"""
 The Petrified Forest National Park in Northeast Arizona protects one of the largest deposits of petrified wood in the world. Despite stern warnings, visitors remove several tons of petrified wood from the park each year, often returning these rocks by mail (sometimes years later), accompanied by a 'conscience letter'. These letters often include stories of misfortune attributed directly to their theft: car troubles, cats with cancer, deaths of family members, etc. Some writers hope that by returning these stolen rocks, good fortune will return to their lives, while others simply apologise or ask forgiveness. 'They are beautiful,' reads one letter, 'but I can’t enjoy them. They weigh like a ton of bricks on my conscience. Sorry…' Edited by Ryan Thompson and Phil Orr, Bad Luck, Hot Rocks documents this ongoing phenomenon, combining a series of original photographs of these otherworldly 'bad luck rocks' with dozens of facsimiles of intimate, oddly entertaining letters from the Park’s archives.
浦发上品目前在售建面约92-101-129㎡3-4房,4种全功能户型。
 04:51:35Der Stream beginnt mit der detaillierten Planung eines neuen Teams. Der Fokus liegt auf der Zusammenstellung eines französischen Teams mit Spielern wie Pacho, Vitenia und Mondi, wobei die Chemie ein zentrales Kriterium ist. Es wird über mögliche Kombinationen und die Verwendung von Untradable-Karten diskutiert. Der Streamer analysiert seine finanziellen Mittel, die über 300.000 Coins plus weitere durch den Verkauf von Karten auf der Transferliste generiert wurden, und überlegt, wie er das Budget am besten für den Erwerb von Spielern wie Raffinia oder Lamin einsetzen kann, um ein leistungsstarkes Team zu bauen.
"""
◆ **ABOUT THIS TASK**
Every piece of the data must be set down exactly. Omit nothing.

◆ **OUTPUT FOR THIS EXERCISE**
 The Petrified Forest National Park in Northeast Arizona protects one of the largest deposits of petrified wood in the world. Despite stern warnings, visitors remove several tons of petrified wood from the park each year, often returning these rocks by mail (sometimes years later), accompanied by a 'conscience letter'. These letters often include stories of misfortune attributed directly to their theft: car troubles, cats with cancer, deaths of family members, etc. Some writers hope that by returning these stolen rocks, good fortune will return to their lives, while others simply apologise or ask forgiveness. 'They are beautiful,' reads one letter, 'but I can’t enjoy them. They weigh like a ton of bricks on my conscience. Sorry…' Edited by Ryan Thompson and Phil Orr, Bad Luck, Hot Rocks documents this ongoing phenomenon, combining a series of original photographs of these otherworldly 'bad luck rocks' with dozens of facsimiles of intimate, oddly entertaining letters from the Park’s archives.
浦发上品目前在售建面约92-101-129㎡3-4房,4种全功能户型。
 04:51:35Der Stream beginnt mit der detaillierten Planung eines neuen Teams. Der Fokus liegt auf der Zusammenstellung eines französischen Teams mit Spielern wie Pacho, Vitenia und Mondi, wobei die Chemie ein zentrales Kriterium ist. Es wird über mögliche Kombinationen und die Verwendung von Untradable-Karten diskutiert. Der Streamer analysiert seine finanziellen Mittel, die über 300.000 Coins plus weitere durch den Verkauf von Karten auf der Transferliste generiert wurden, und überlegt, wie er das Budget am besten für den Erwerb von Spielern wie Raffinia oder Lamin einsetzen kann, um ein leistungsstarkes Team zu bauen.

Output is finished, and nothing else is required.